Upon reviewing our meta-analysis, I confirm that outcomes such as radiological progression, conversion to total hip arthroplasty (THA), and clinical failure were pooled at the hip level, as this was the unit of analysis explicitly reported in the primary studies (e.g., total hips analyzed: 127 at 12 months for progression in section 3.5). Several included studies, such as Sun et al. (2024), Ulusoy et al. (2023), and Zhao et al. (2012), focused on hips without providing detailed breakdowns of patient numbers or bilateral involvement, reflecting the common practice in osteonecrosis of the femoral head research where the hip is the primary unit of interest due to disease asymmetry and treatment localization. I did not have access to individual patient data from these studies, which would be required to perform clustering adjustments (e.g., via generalized linear mixed models accounting for patient-level random effects) or sensitivity analyses at the patient level. Attempts to adjust effective sample sizes retrospectively (e.g., by estimating bilateral prevalence and applying design effects) were not feasible without IPD, as assumptions about clustering coefficients could introduce additional bias.

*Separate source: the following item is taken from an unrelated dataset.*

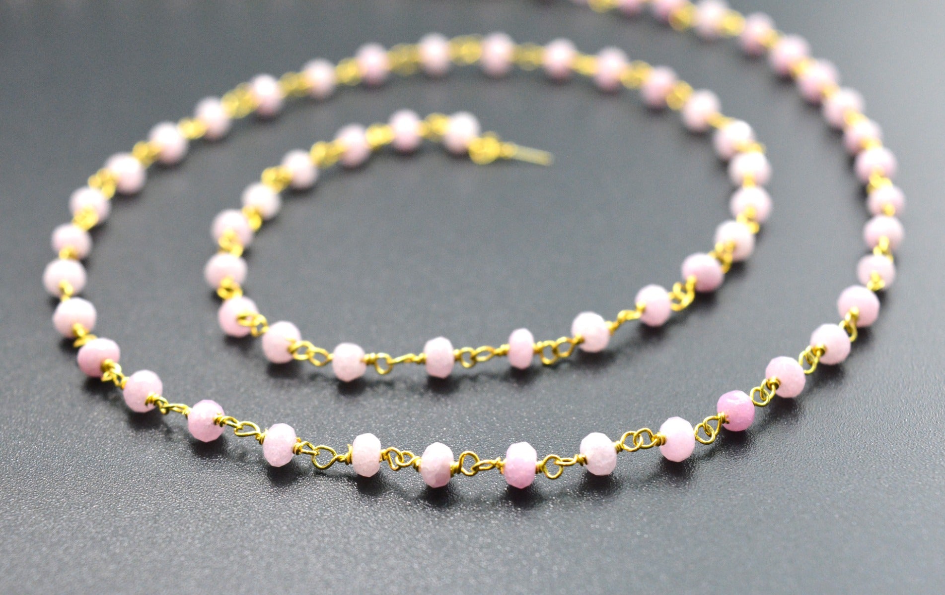 925 Sterling Silver Gold Rosary Chain can also be customized in silver, gold, rose gold, oxidized silver, and other types of wires and is available in various natural and glass stones as demanded.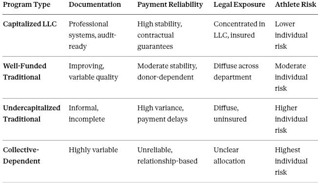 Equity-backed programs can fund documentation systems, legal compliance, and payment stability. Undercapitalized programs rely on informal arrangements, exposing athletes to higher individual risk even when nominal compensation is comparable.

I justify the use of hip-level analysis as follows: In meta-analyses of orthopedic conditions like ONFH, where bilateral involvement is prevalent but often low (typically 20–50% in early stages, with even lower rates of symmetric progression), hip-level pooling is a standard and accepted approach when IPD is unavailable, provided the primary studies report outcomes this way and bilateral cases are balanced across arms. This method prioritizes the clinical relevance of hip-specific outcomes (e.g., progression or failure per affected joint) and avoids discarding valuable data, while the potential bias from clustering is generally minimal if the intraclass correlation is low or bilateral cases are infrequent. Empirical evidence from similar meta-analyses supports this, demonstrating negligible impact on conclusions when bilateral proportions are comparable between groups. To address this transparently in the revised manuscript, I propose the following additions: In Discussion (Limitations section): "A further limitation is the reliance on hip-level rather than patient-level data, which may introduce clustering bias in patients with bilateral ONFH, potentially underestimating variance and leading to overly precise estimates. Although bilateral involvement is common in ONFH (affecting 20–50% of cases), its prevalence in early-stage disease is typically low and balanced across study arms, minimizing substantial bias. Nonetheless, access to individual patient data in future meta-analyses would enable clustered analyses to refine precision. This issue is inherent to aggregated data syntheses and does not appear to have altered our overall conclusions, as sensitivity analyses showed consistent results."
Group definitions (biologic vs structural)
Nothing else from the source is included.